A esperança do promotor de que o STJ confirme a condenação dos policiais não é compartilhada por Sidney Sales, um dos sobreviventes do massacre. “O caso está encerrado, não tenho esperança nenhuma na Justiça. Agradeço a força e a persistência que os promotores que atuam nesse caso têm e tiveram ao longo dos anos, a determinação deles, mas acho que não tem solução não”, afirma. Hoje pastor evangélico, Sales tinha 24 anos à época do crime. Para ele, “grande parte do Judiciário acredita naquela frase ‘bandido bom é bandido morto”.
O julgamento do caso também foi um ponto fora da curva do ponto de vista da percepção que a sociedade teve da violência policial. “É comum os jurados serem tolerantes com excessos da policia quando ela mata um suposto bandido. Mesmo diante de um panorama como esse, diante da brutalidade e do descalabro que foi o massacre, a sociedade optou por condenar essa conduta”, explica o promotor Friggi. Para o promotor, “a decisão da sociedade foi de deixar de lado preconceitos, pensamentos ideologicamente contaminados”.

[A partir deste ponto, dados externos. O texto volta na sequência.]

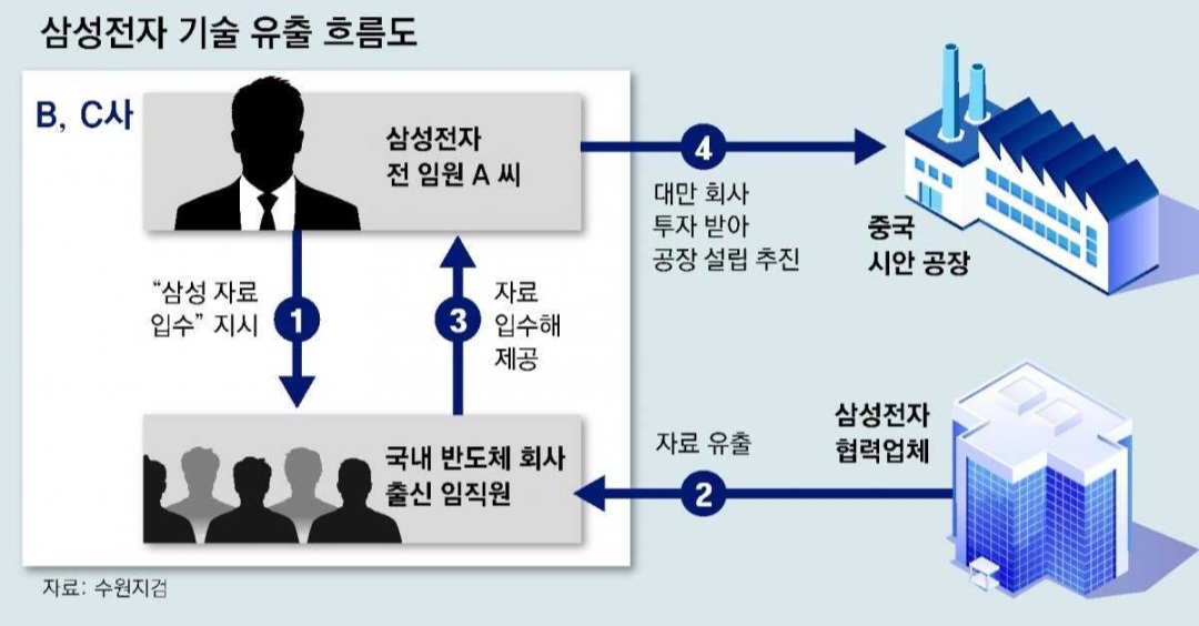 https://n.news.naver.com/article/020/0003503052?cds=news_edit 삼성 반도체 공장 설계 빼돌려 中에 ‘복제 공장’ 시도국가핵심기술로 지정된 삼성전자 반도체 공장 설계자료를 통째로 빼돌려 중국에 ‘짝퉁 공장’을 지으려 한 삼성전자 상무 출신 인사 등이 재판에 넘겨졌다. 검찰은 삼성전자가 이번 기술 유출n.news.naver.com이번에 잡힌 산업스파이는 수율의 달인으로 알려진 삼성전자 상무 출신이며, 하이닉스 전부사장 출신이었던 사람이 중심으로 된 총 7명이었다고 합니다. 이들은 국가핵심기술로 지정된 삼성전자 반도체 공장 설계자료를 통째로 빼돌려 중국에 ‘짝퉁 공장’을 지으려고 하려다 발각되어 재판에 넘겨졌다고 합니다. 검찰은 삼성전자가 이번 기술 유출로 본 ..

Mas nem todos enxergam o episódio como uma carnificina. “A expressão massacre é muito pesada. Em um universo de 2.000 e tantos presos no pavilhão nove inteiro não posso considerar massacre uma ação que deixou 111 mortos”, afirma a advogada Ieda Ribeiro de Souza. Envolvida no caso há mais de 22 anos, ela é defensora de 49 policiais acusados pela matança. Para ela, não se pode dizer que a “impunidade prevaleceu” com a anulação do julgamento. “Desde o início o processo, por ser muito grande, não foi conduzido da forma que deveria. Se quero ter um culpado, que se culpe quem realizou os atos. Não há prova de que foram meus clientes que provocaram isso”, explica.
De acordo com ela, “os que apertaram o gatilho e atingiram alguma vítima, devem ser responsabilizados. Mas um PM disse que disparou um tiro e foi condenado por 73 mortes!”. Indagada se a impunidade no caso não dá carta branca para que policiais matem sem receio de responder a processo, Souza diz que não. “Eu acho que a condenação injusta desses homens causaria um problema muito maior do que este [carta branca para matar]. Eu teria PMs que não se sentiriam prestigiados pela sociedade, que é o que está acontecendo. A PM hoje em dia não pode agir”, diz.
Na opinião de Souza, seria preciso responsabilizar quem “deu a ordem” para a invasão do presídio. “Quem foi? As provas apontam que foi o então governador Luiz Antônio Fleury Filho, e ela foi transmitida pelo secretário da Segurança Pública da época, Pedro Franco de Campos”, afirma a advogada. Eles não responderam processo pelo massacre, apesar de terem sido ouvidos no julgamento. O ex-governador chegou a afirmar, em 2012, que “quem não reagiu está vivo”. Além de culpar os dois, Souza também aponta o dedo para “a própria estrutura do Carandiru, na qual os agentes penitenciários não conseguiram controlar a rebelião”.